Gino Matrundola (born July 21, 1940) is a former politician in Ontario, Canada. He was a Liberal member of the Legislative Assembly of Ontario from 1987 to 1990. He represented the riding of Willowdale.

==Background==
Matrundola was born in Cassino, Italy and immigrated to Canada in the 1960s, after a brief stay in Scotland. He was educated at the Italian Polytechnical School in Rome, Italy, and Ryerson Polytechnical Institute in Toronto. He was licensed as a real estate agent in North York, Ontario in 1964, and eventually founded his own realty company. He became an active member of both the Ontario Liberal Party and the Liberal Party of Canada.

==Politics==
Matrundola won the Ontario Liberal Party nomination in the riding of Armourdale for the 1985 Ontario election, but lost the election to Progressive Conservative incumbent Bruce McCaffrey by 212 votes. The election resulted in David Peterson's Liberals forming a minority government. When the province returned to the polls in 1987, the Liberals won a majority government. Matrundola was elected in the newly created riding of Willowdale, which incorporated much of Armourdale, defeating Progressive Conservative candidate Charles Harnick. Matrundola served as a backbench supporter of the David Peterson government. He was appointed Deputy Government Whip in 1989.

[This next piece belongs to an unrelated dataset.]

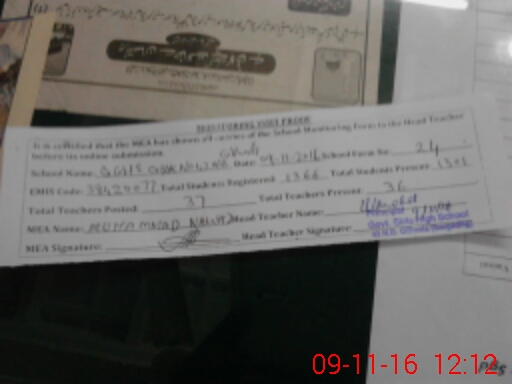 | Attendance Register | Head Teacher | MEA with School | Visit Proof |
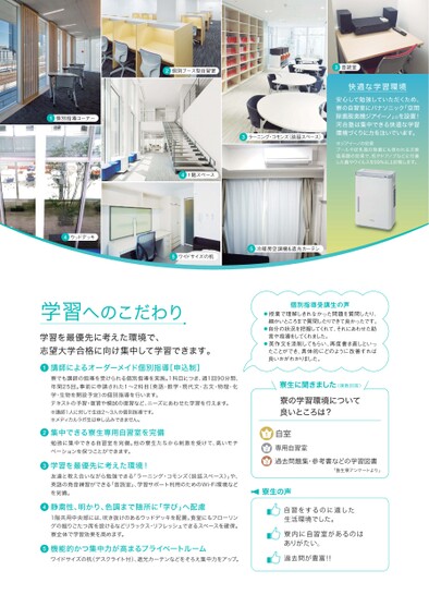1個別指導コーナー2個別ブース型自習室41階スペース3音読室快適な学習環境安心して勉強していただくため、寮の自習室にパナソニック「空間除菌脱臭機ジアイーノ」※を設置!河合塾は集中できる快適な学習環境づくりに力を注いでいます。※ジアイーノの効果プールやほ乳瓶の除菌にも使われる次亜塩素酸の効果で、机やドアノブなどに付着した菌やウイルスを99%以上抑制します。3ラーニング・コモンズ(談話スペース)4ウッドデッキ5ワイドサイズの机5冷暖房空調機&遮光カーテン学習へのこだわり学習を最優先に考えた環境で、志望大学合格に向け集中して学習できます。●講師によるオーダーメイド個別指導[申込制]1寮でも講師の指導を受けられる個別指導を実施。1科目につき、週1回90分間、年間25回。事前に申請された1〜2科目(英語・数学・現代文・古文・物理・化学・生物を開設予定)の個別指導を行います。テキストの予習・復習や模試の復習など、ニーズにあわせた学習を行えます。※講師1人に対して生徒2〜3人の個別指導です。※メディカルラボ生は申し込みできません。●集中できる寮生専用自習室を完備2勉強に集中できる自習室を完備。他の寮生たちから刺激を受けて、高いモチベーションを保つことができます。●学習を最優先に考えた環境!3友達と教え合いながら勉強できる「ラーニング・コモンズ(談話スペース)」や、英語の発音練習ができる「音読室」、学習サポート利用のためのWi-Fi環境などを完備。●静粛性、明かり、色調まで随所に「学び」へ配慮41階共用中央部には、吹き抜けのあるウッドデッキを配置。食堂にもフローリングの掘りごたつ席を設けるなどリラックス・リフレッシュできるスペースを確保。寮全体で学習効果を高めます。●機能的かつ集中力が高まるプライベートルーム5ワイドサイズの机(デスクライト付)、遮光カーテンなどをそろえ集中力をアップ。個別指導受講生の声授業で理解しきれなかった問題を質問したり、細かいところまで質問したりできて良かったです。自分の状況を把握してくれて、それにあわせた助言や指導をしてくれました。英作文を添削してもらい、再度書き直しといったことができ、具体的にどのように改善すれば良いかがわかりました。(複数回答)寮生に聞きました寮の学習環境について良いところは?123自室専用自習室過去問題集・参考書などの学習図書「塾生寮アンケートより」寮生の声自習をするのに適した生活環境でした。寮内に自習室があるのはありがたい。過去問が豊富!!

Peterson called an early election in 1990 which resulted in the Liberals being upset by the New Democratic Party. In Willowdale, Matrundola lost to Harnick by 834 votes, marking one of the few gains by Mike Harris's Tories in this election. Matrundola attempted a political comeback but was defeated for the provincial Liberal nomination for the 1995 provincial election by Les Scheininger.

==Later life==
Matrundola returned to running his real estate firm full-time and remains an active Liberal.